In People v. Figgers, 23 Ill. 2d 516, 179 N.E.2d 626, the defendant was convicted of burglary on an indictment which unnecessarily included an allegation of the ownership of the property stolen and its value. The court in affirming the defendant’s conviction stated:

“Also of importance here is the general rule that immaterial matters, or matters which may be omitted from an indictment without rendering it insufficient or doing damage to the material averments, may be regarded as surplusage. (People v. Osborne, 278 Ill. 104; People v.
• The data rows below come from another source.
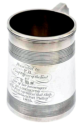 The tankard we have on the left is probably one of the last tankards Sun Sing made in the classic style. The inscription is dated 1853 and was presented to the Chief Officer of the HMS Kent by an immigrant to mark the maiden voyage of the Kent from England to Port Philip in Australia. It is particularly interesting that the donor, Thomas Howard Fellows, chose to give a piece of Chinese Export Silver. Fellows was on his way with his family to settle in Melbourne, not unusual in itself but perhaps not a coincidence that Melbourne had a substantial Chinese community in the early 19th century and at least two successful retail businessmen returned independently to China to open businesses which soon became the largest department stores in China – Wing On and Sincere & Co; both produced Chinese Export Silver in their own workshops under their own makers’ marks. Wing On and Sincere exist today and Fellows became fifth judge of the Supreme Court of Victoria.
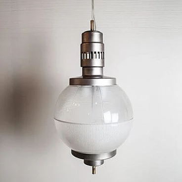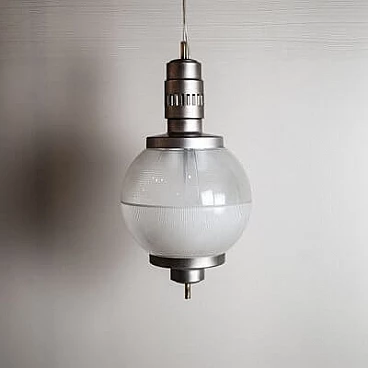 Lampada a sospensione in alluminio e vetro di Sergio Mazza, anni '60
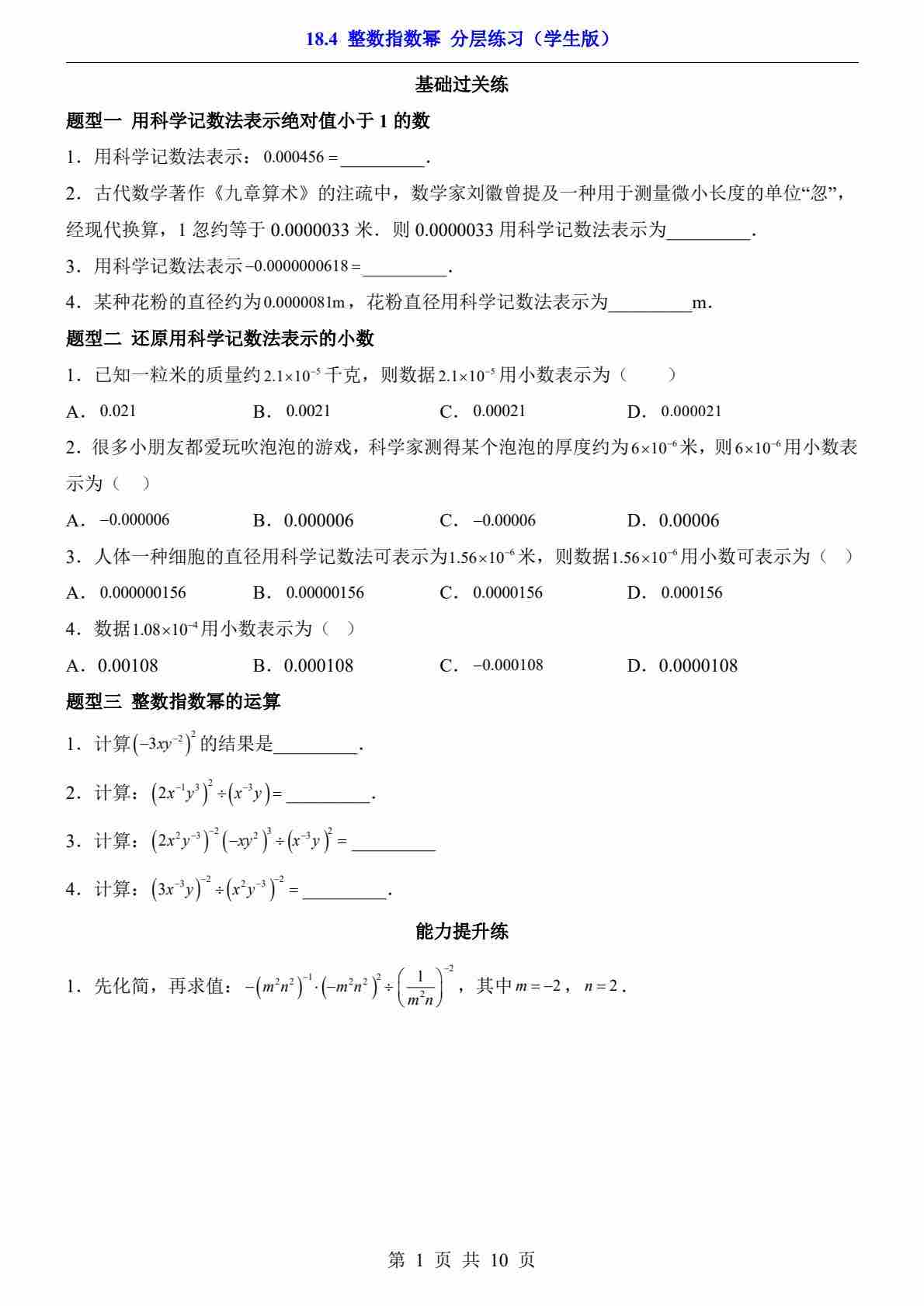 18.4 整数指数幂(分层练习)
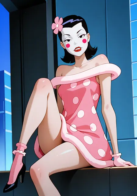 pink polka dot dress, bare shoulders, gloves, hair ornament, hair flower, gloves, black heels, pink socks
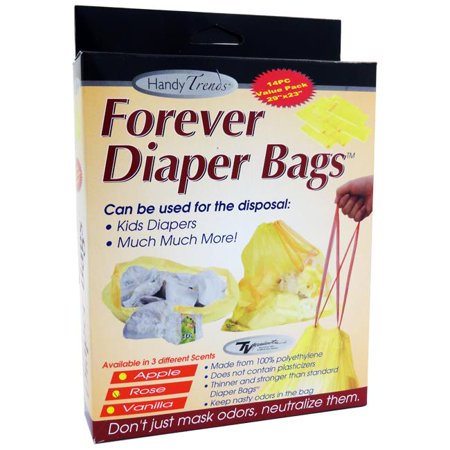 Handy Trends 14 Pack Forever Diaper Bags- Made from 100% polyethylene- Does not contain plasticizers- Thinner and stronger than standard diaper bags- Keeps nasty odors in the bag- Don't just mask odors, neutralize them- Can be used for the disposal of kids diaper and much, much more! Rose scented- 14 bags measuring 29 in x 23 in- Case pack: 12 - 14 pack boxes- SKU: DLRDY213628
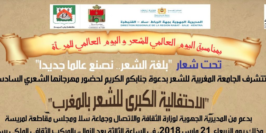 بمناسبة اليومين العالميين للشعر والمرأة، وتحت شعار ” بلغة الشعر ..نصنع عالما جديدا”، تنظم الجامعة المغربية للشعر، مهرجانها الشعري السادس، “الاحتفالية الكبرى للشعر بالغرب” وذلك يوم غد الأربعاء 21 مارس 2018، في الساعة الثالثة بعد الزوال، بالركب الثقافي الملكي بمدينة سلا.
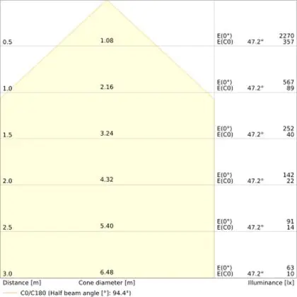 De gradenbundel geeft informatie over hoe breed het licht wordt uitgestraald. Dit zit tussen de 0 en 360 graden (D). Hoe kleiner de hoek, hoe specifieker de lichtbundel is. Over het algemeen is een smalle gradenbundel perfect voor sfeer- of accentverlichting, terwijl een brede gradenbundel ideaal is om grote oppervlaktes te verlichten.
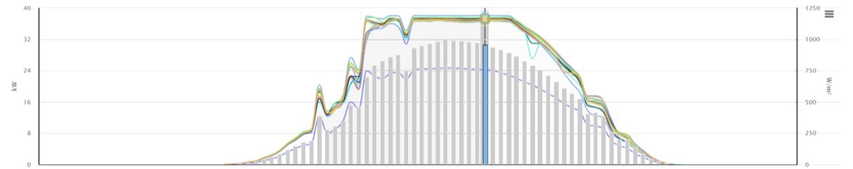 Wind loads can have a major impact on the electricity generated from a solar plant. This is specifically due to the wind stow mode designed to protect the solar racking and panels from damage caused by wind loading. Most single axis trackers have their wind stow mode set to an angle between 40 and 60 degrees. Depending on where the sun is positioned in the horizon, wind stow mode may significantly reduce the electricity generated during high winds. The drop can be especially dramatic when the sun shines on the opposite side from where the modules are facing during stow position.
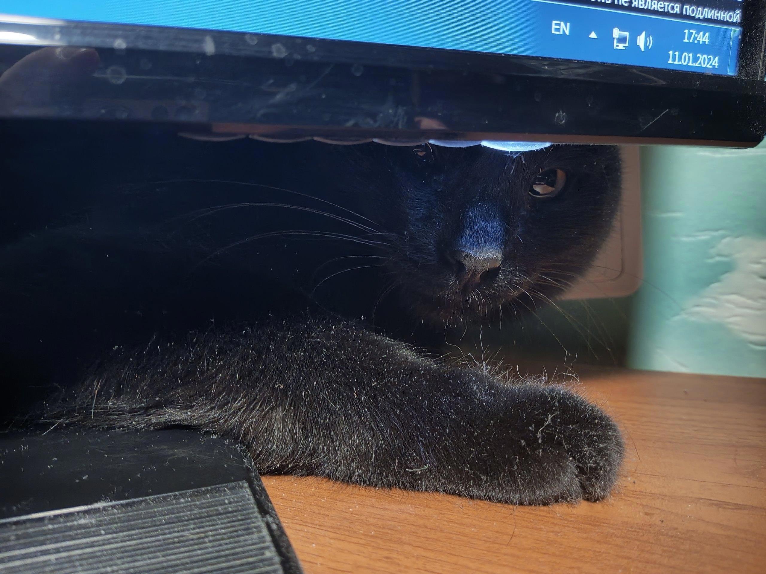 Пы. Сы. Покажу пока просто две бесстыдные морды. Один постоянно вот так залезает за монитор, что приходится его со скандалом выгонять, другой просто ведёт себя по жизни как кретин.
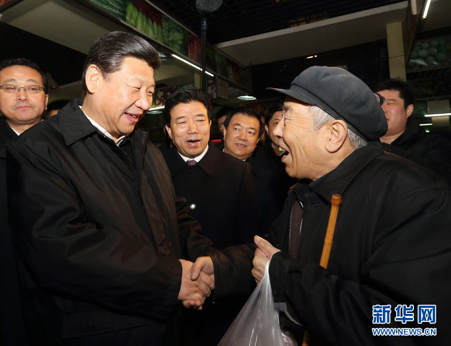 ( 2月4日,習(xí)近平在蘭州市城關(guān)區(qū)五泉菜市場(chǎng)考察時(shí)與前來(lái)買(mǎi)菜的居民親切交談。 )
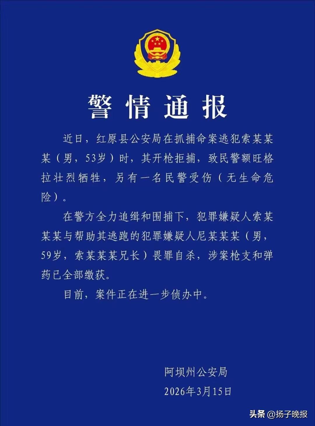 3月15日晚,四川阿壩州公安局發(fā)布警情通報:近日,紅原縣公安局在抓捕命案逃犯索某某某(男,53歲)時,其開槍拒捕,致民警額旺格拉壯烈犧牲,另有一名民警受傷(無生命危險)。
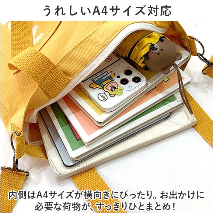 ・内側はA4サイズが横向きにぴったり。お出かけに必要な荷物が、すっきりひとまとめ!
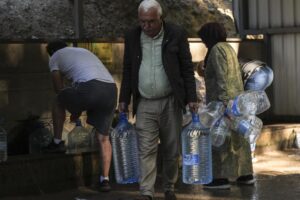 Ankara’nın Mamak ilçesinde yaşanan su kesintisi nedeniyle vatandaşlar etrafta bulunan çeşmelerden su temin ediyor.
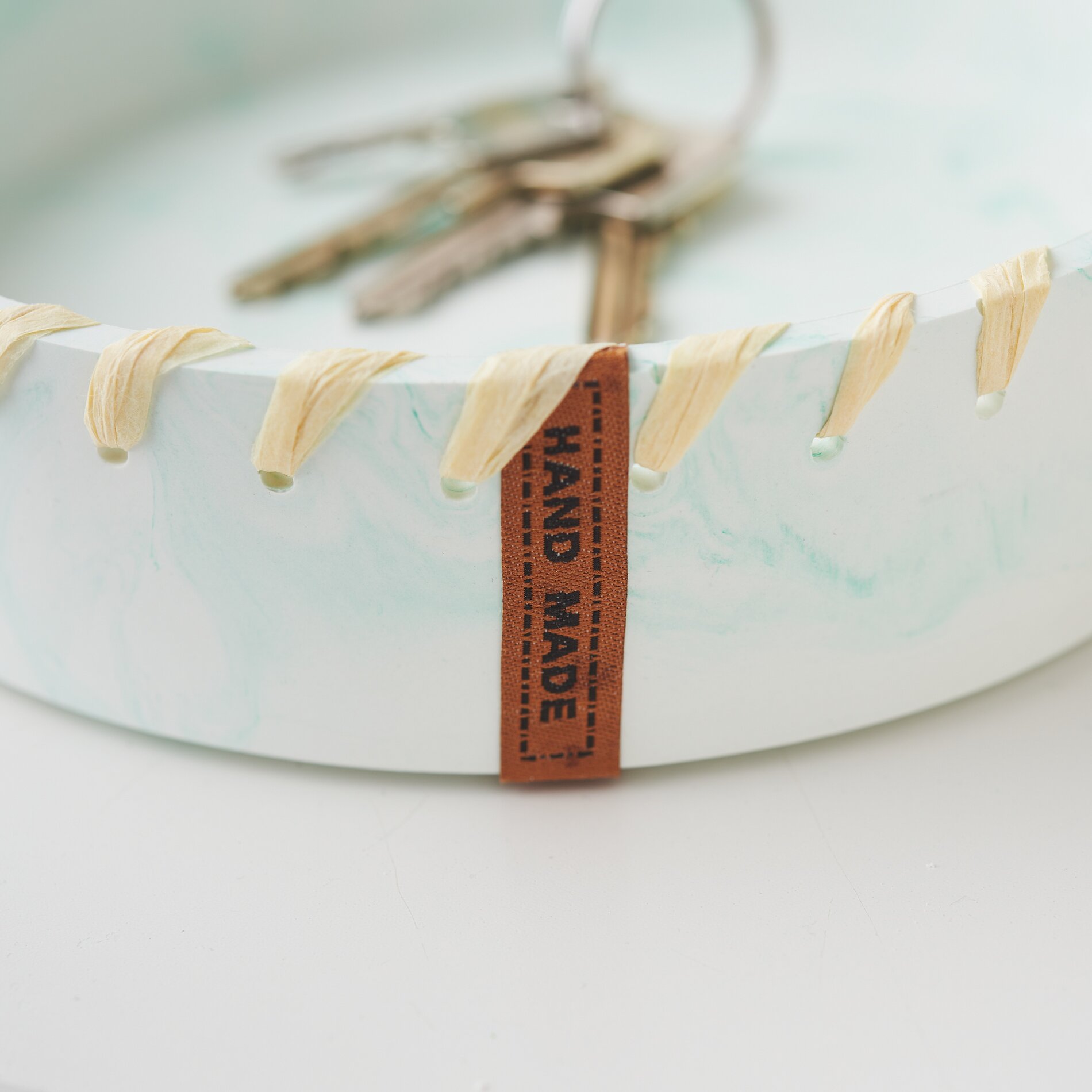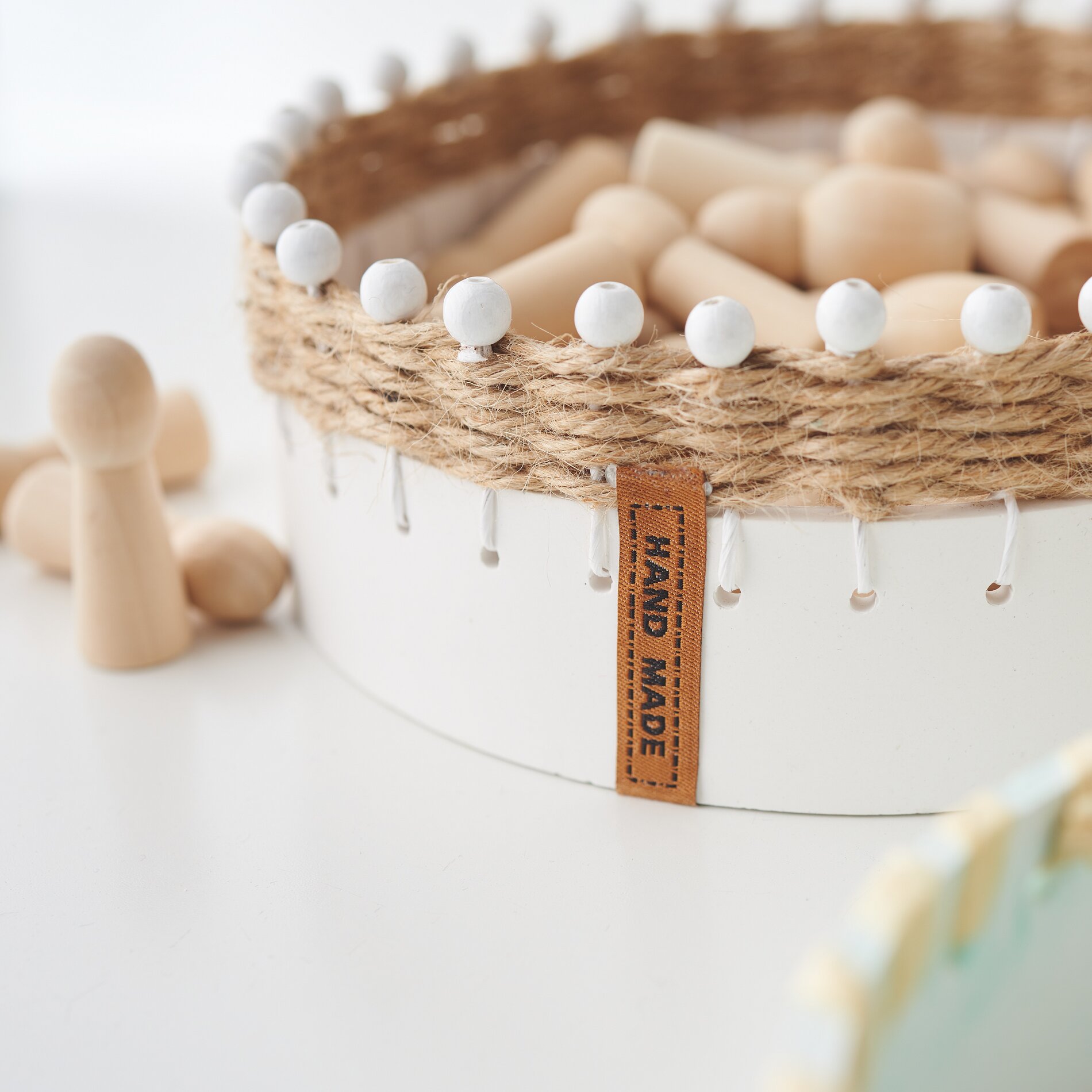 3. Závěrečné úpravy pomocí korálků a štítků Na závěr můžete na konce drátků přilepit dřevěný korálek nebo drátek jednoduše ohnout dovnitř. Jako osobní doplněk použijte ručně vyrobený štítek. Můžete jej k misce připevnit pomocí řemeslného lepidla.
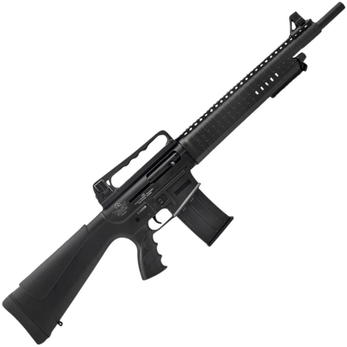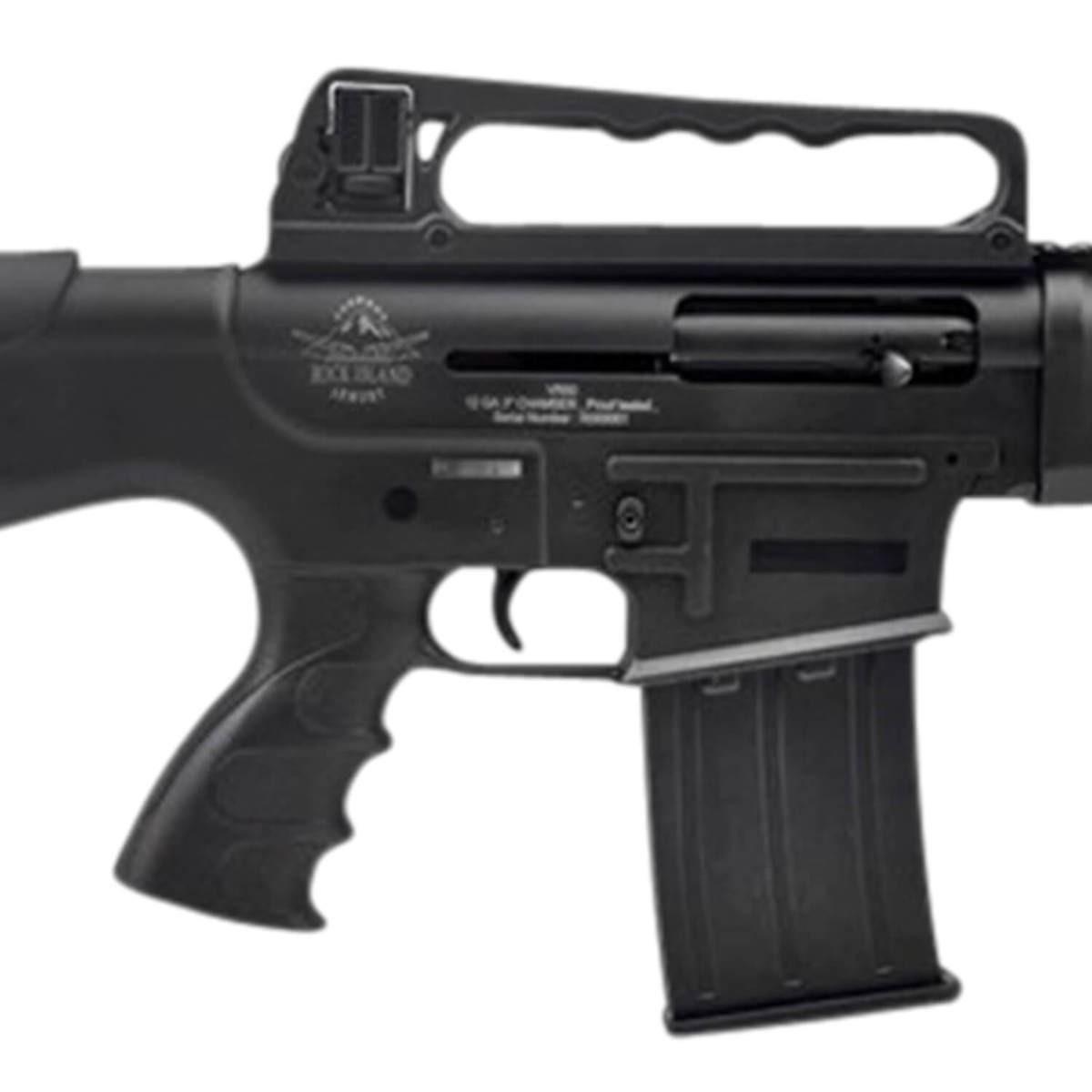 Rock Island VR60 Standard Black 12 Gauge 3in Semi-Automatic Shotgun - 20in - The VR60 AR semi-automatic shotgun uses a conventional gas-operated action which is located around the support tube that runs below the barrel. The upper receiver is manufactured from an aluminum alloy, has a carrying handle, and an integral Picatinny rail. The manual safety also duplicates the M16 style being located on the left side of the receiver above the pistol grip.
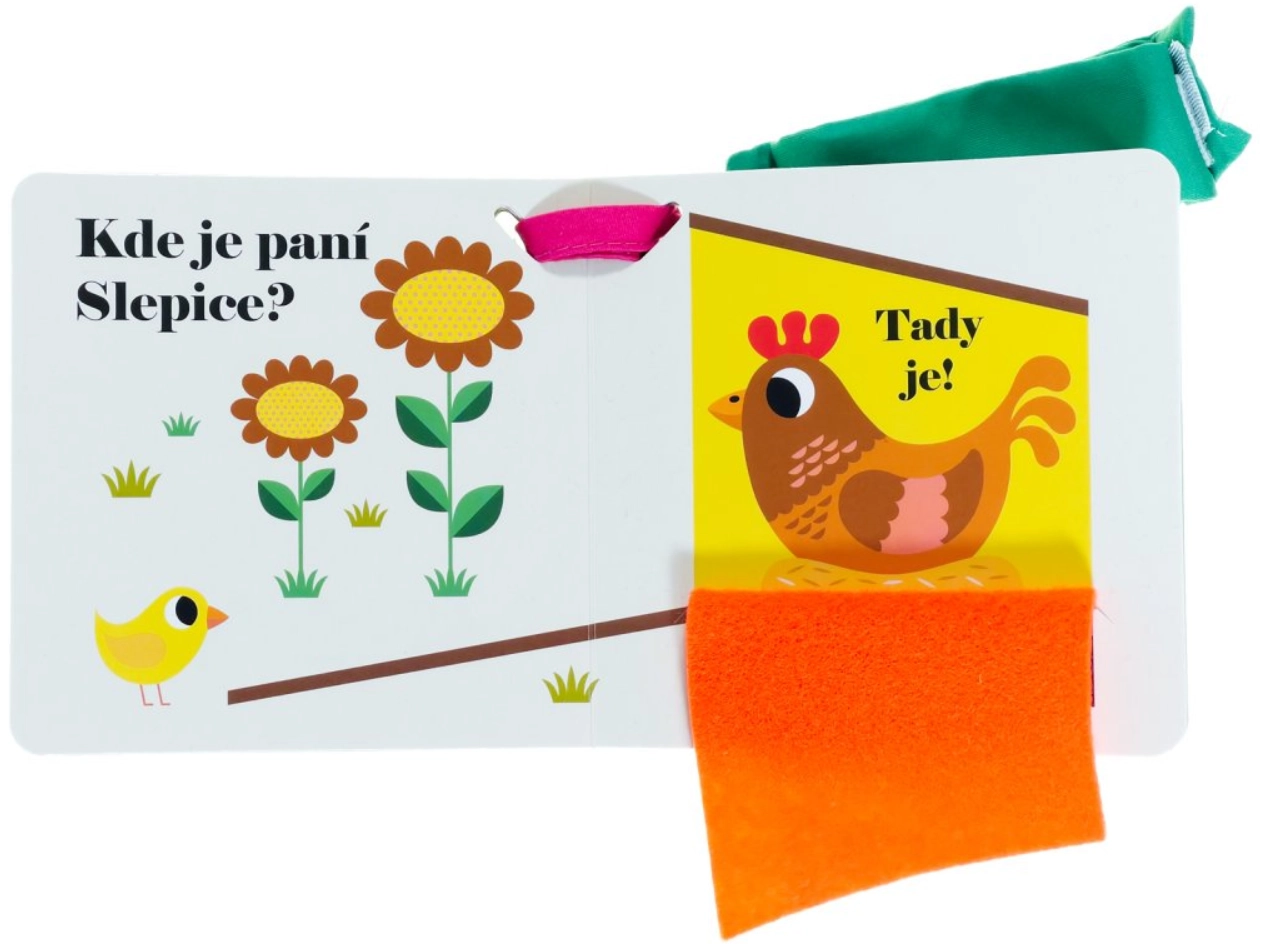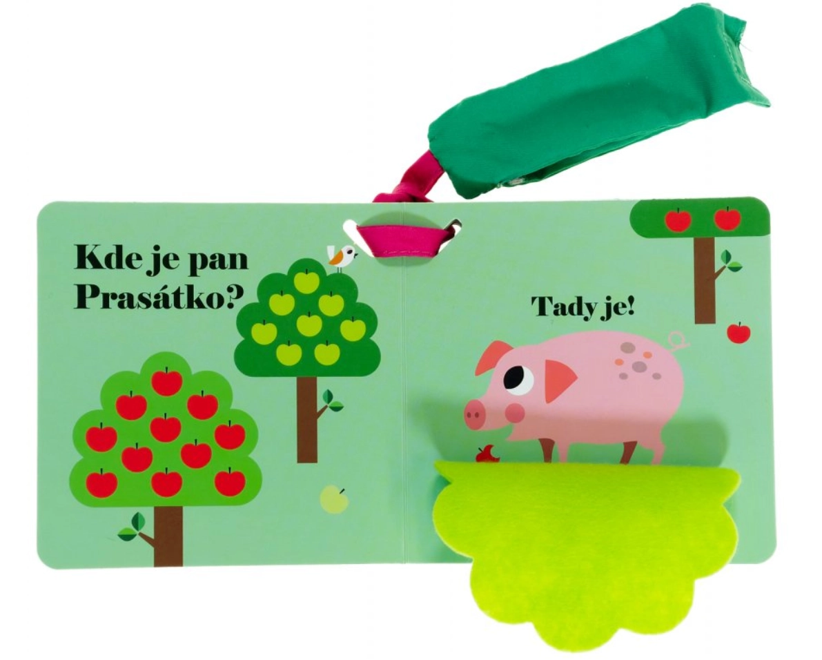 Een schattig boekje voor de allerkleinsten met verborgen boerderijdieren, dat je direct aan de kinderwagen kunt bevestigen. Eigenschappen en voordelen: - Geschikt voor de eerste kennismaking met de wereld van baby’s. - Stimuleert zicht, tast en motorische vaardigheden. - Kinderen gaan op zoek naar verstopte huisdieren van de boerderij. - Zachte vilten flapjes helpen de wereld te ontdekken via de tastzin. - Aan het einde van het boek zit een verrassing in de vorm van een klein rond spiegeltje waarin kinderen zichzelf kunnen zien. - Dankzij het kleine formaat en de mogelijkheid om het aan de kinderwagen te bevestigen is het de ideale reisgenoot. Technische specificaties: - Aantal pagina’s: 10 - Binding: Leporello met flapjes - Jaar van uitgave: 2022 - ISBN: 978-80-256-3092-1

Moore, 368 Ill. 455.) Accordingly, where an indictment charges all of the elements essential to an offense under a statute, other matters unnecessarily added may be rejected as surplusage.” (23 Ill. 2d 516, 519, 179 N.E.2d 626, 627.)

*418Moreover, the court in Figgers held that the variance between the pleadings and proof, to vitiate a trial, must be material and of such character as may mislead the defendant in making his defense or expose him to double jeopardy. In People v. Johnson, 65 Ill. 2d 332, 357 N.E.2d 1166, the defendant alleged for the first time on appeal that there was a variance between the pleading and proof at trial. The court citing Figgers held where a variance is alleged for the first time on appeal much the same standard of review applies as where the sufficiency of an indictment is first attacked on appeal. In holding that the complaint had not misled the defendant, the court found that the language of the complaint had not induced her to withhold evidence nor would her defense have changed had the indictment been properly drawn.

So too in the case at bar we do not find that defendant was misled by the incorporation of the language “great bodily harm.” Defendant contends that he was confused by the charge but does not suggest in what manner he was confused or his defense prejudiced thereby. It is not contended that through duplicity defendant failed to understand the nature of the charge brought against him. (See People v. Ross, 21 Ill. 2d 419, 173 N.E.2d 474; People v. Kent, 18 Ill. App. 3d 357, 309 N.E.2d 715.) To the contrary the record permits no question but that defendant was charged with and tried for the offense of attempt murder. In addition, that defendant, the trial court and the State proceeded on a theory that the alternative mental state alleged could support a conviction for attempt murder caused no prejudice to defendant in light of the overwhelming evidence of defendant’s specific intent to kill. Defendant does not contend that the additional words induced him to withhold evidence or that his defense would have changed had the indictment been otherwise drawn. Defendant admits that he presented an “all or nothing” defense theory by arguing to the jury that he did not intend to commit the crime of murder in hope thereby of acquittal by the jury for want of an alternative upon which to convict him. Thus defendant tendered no instructions on aggravated battery but only requested the jury be given a special interrogatory concerning whether the shooting was seriously provoked.

Defendant argues that if the indictment had been properly drawn the testimony of Dr. Fox would have been found irrelevant. However, evidence of the nature and extent of the injuries inflicted would not become any less relevant to the issue of defendant’s intent to murder had the indictment been otherwise drawn. People v. Pearson, 4 Ill. App. 3d 462, 281 N.E.2d 422; People v. Cunningham, 73 Ill. App. 2d 357, 218 N.E.2d 827.

We find that the indictment fully charged all the essential elements to the offense of attempt murder. In addition the words “great bodily *419harm” were unnecessarily added as a disjunctive alternative mental element which neither contributed nor confused the clearly charged and proven offense. The words thus may be disregarded as multifarious and surplusage in view of the record. Having found no prejudice to defendant by the incorporation of the words we affirm the judgment of the circuit court of Franklin County.


JONES, J., concurs.


specially concurring:

I concur with the result reached in this case, but do not agree that the defendant waived any error by his failure to file a post-trial motion.